When you execute await myFlow.run(memory), the method returns an ExecutionTree. This object provides a structured, hierarchical representation of the entire flow execution.

Structure of ExecutionTree (Conceptual):

type Action = string | 'default'

interface ExecutionTree {
  order: number // Unique order of this node's execution in the flow
  type: string // Constructor name of the node (e.g., "MyCustomNode", "Flow")
  triggered: Record<Action, ExecutionTree[]> | null
  // An object where keys are action names triggered by this node.
  // Values are arrays of ExecutionTree(s) for the successor node(s)
  // that were executed due to that action.
  // `null` if the node was terminal for its branch or did not trigger actions
  // that led to further node executions visible in this tree.
  // (Note: Even if a node doesn't explicitly trigger, a 'default' action might be
  //  processed, leading to an empty array if no successor for 'default').
}

In Python, it's a TypedDict with similar fields: order: int, type: str, triggered: Optional[Dict[Action, List[ExecutionTree]]].

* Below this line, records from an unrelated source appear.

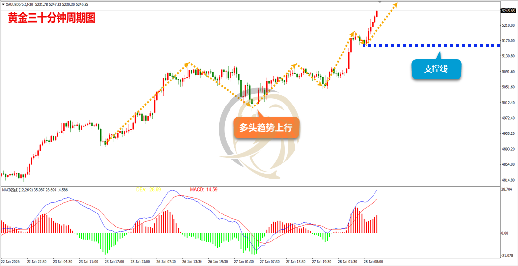 昨日,黄金经历空头回落调整后,于下方4990附近支撑位展开反击,其后多头开始继续震荡上行,晚间美盘时段未能新高,日内早间继续强力突破拉升。从走势上看,多头上行趋势还在保持,回落完成后多头继续上行,且突破新高力度极强。从指标上看,30分钟周期图MACD指标快慢线DIFF和DEA在0轴上方运行,红色动能柱还在生长,由于日内涨幅过大,操作上建议高位先尝试短空,其后回落后做多的思路进行操作。
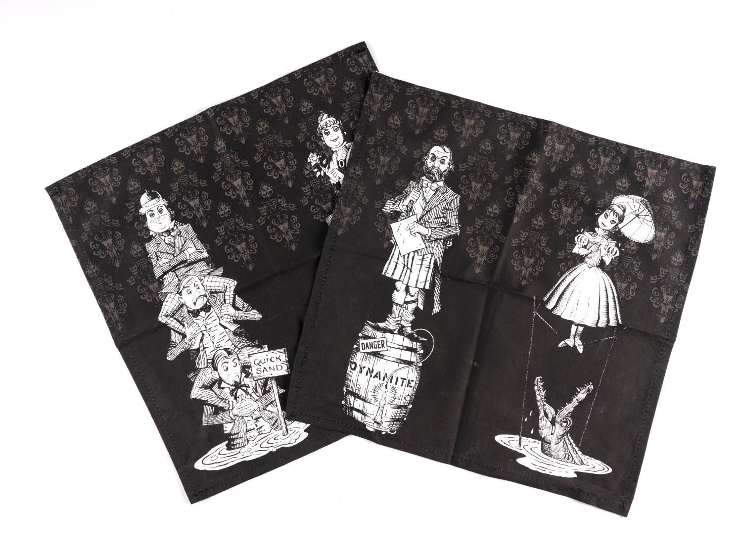 (Disney Parks) A pair of kitchen towels depicting the (4) stretching portraits of the Haunted Mansion. The towels are in fine unused condition.
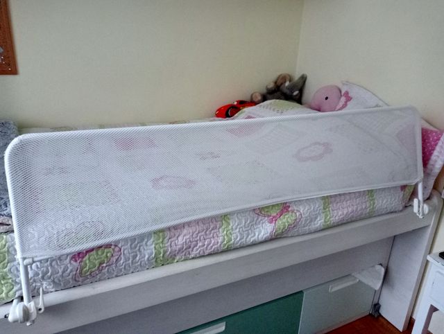 Bonita barrera protectora abatible de la marca Jané, de tela de rejilla color blanco (La entrego limpia) y en buenas condiciones, sólo tiene algún desgaste en el metal en la barra que va oculta por el colchón. Los dos seguros laterales funcionan perfectamente
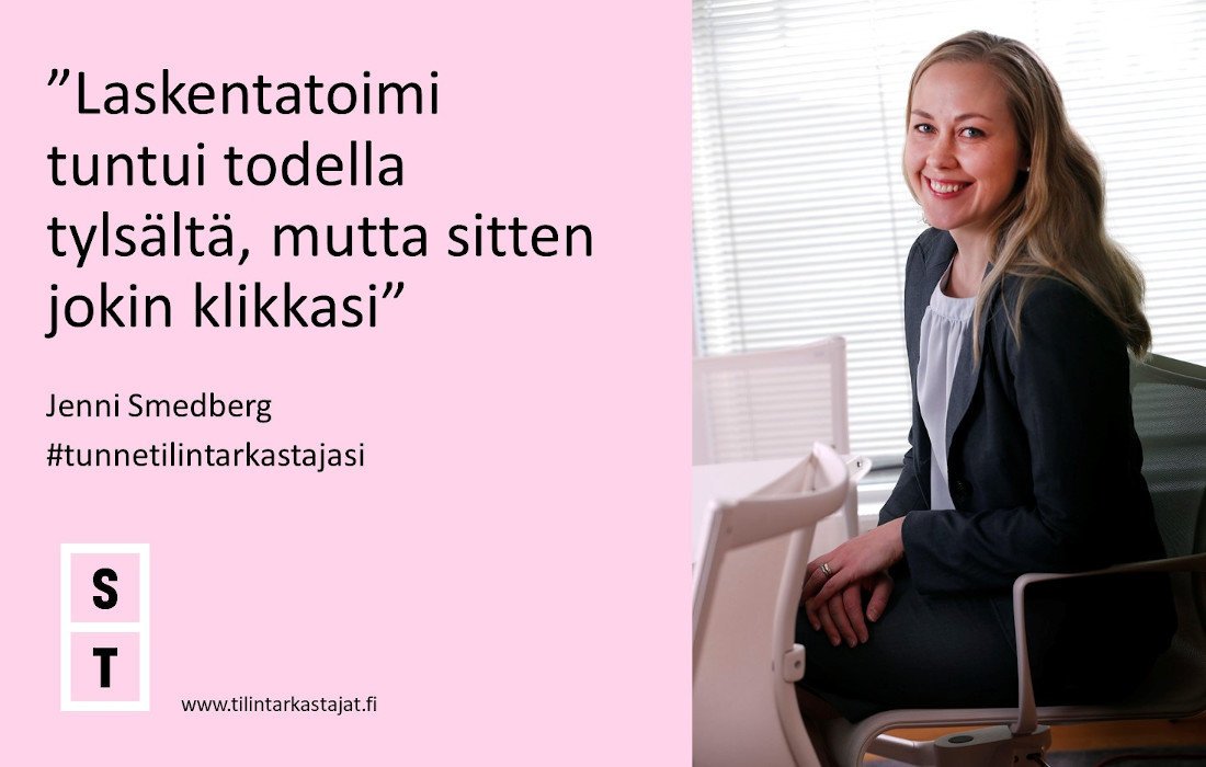 KHT-tilintarkastaja Jenni Smedberg päätyi tilintarkastusalalle mutkan kautta, mutta löysi työelämässä omat vahvuutensa. Nykyään hän toimii myös kouluttajana ja riskienhallintaroolissa.
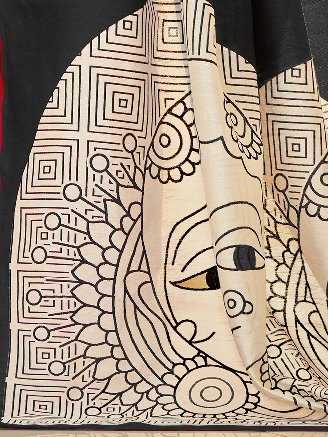 Kalini Geometric Printed Bhagalpuri Saree Product Details Design Details Red and black bhagalpuri saree Geometric printed saree with no border...
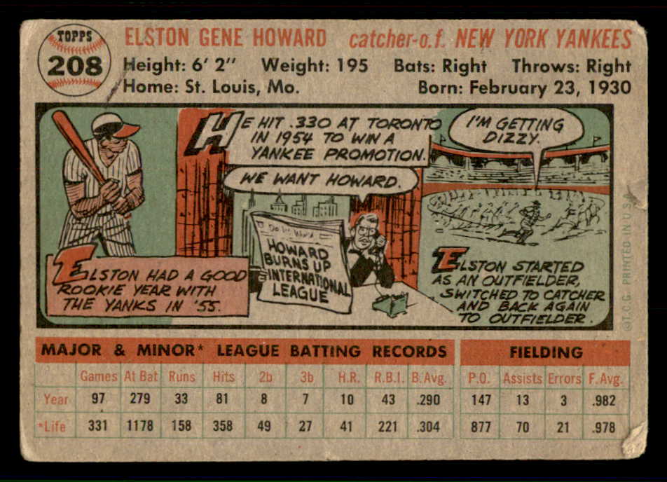 1956 Topps Baseball #208 Elston Howard Yankees Fair 543247
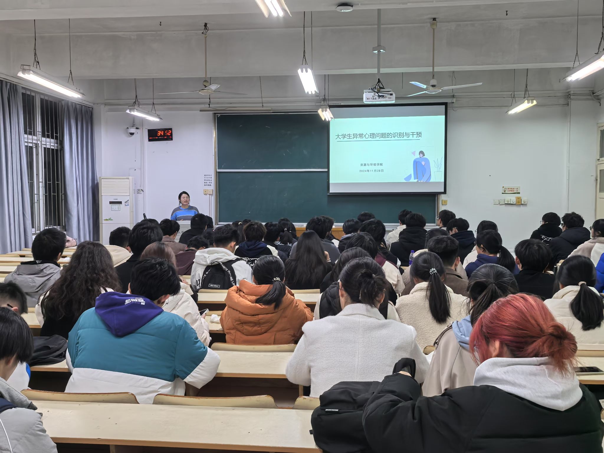 本网讯 11月28日晚,资源与环境学院在勤学楼102教室举行学生心理骨干专题培训,学院心理健康站负责人、2024级心理委员和宿舍心理信息员等100余人参加。

Benefits of ExecutionTree:

Debugging: Trace exactly which nodes ran, in what order, and which actions were triggered. This is invaluable for understanding why a flow took a particular path.
Visualization: The tree structure can be directly used to generate visual diagrams of the execution path (see below).
Auditing & Logging: Store the ExecutionTree (e.g., as JSON) for auditing purposes or detailed logging of a specific flow run.
Performance Analysis: While not its primary purpose, you could augment nodes to record timing information and include it in a custom ExecutionTree or a parallel logging structure to identify bottlenecks.

Logging Best Practices

While the ExecutionTree provides a structural log, you can complement it with traditional logging:

Integrate Your Preferred Logger: Use standard logging libraries (Python's logging, pino/winston in TS).
Log in Node Lifecycle Methods: Add log statements in prep, exec, and post to capture:
- Node entry/exit.
- Key data being read from or written to Memory.
- Important decisions made or results computed.
- Actions being triggered in post.
Contextual Information: Include node ID (self._node_order / this.__nodeOrder), node type, and relevant Memory keys in your log messages.
Error Logging: Ensure execFallback logs detailed error information before returning a fallback or re-throwing.

Example: Python Logging with `ExecutionTree`

import logging
import json
from caskada import Node, Memory, Flow

# ... (setup logger, define nodes as in previous Python logging example) ...

async def main():
    # ... (define node_a, node_b, connect them) ...
    # node_a = LoggingNode()
    # node_b = LoggingNode()
    # node_a >> node_b

    # flow = Flow(start=node_a)
    # memory_obj = Memory(global_store={"initial": "data"})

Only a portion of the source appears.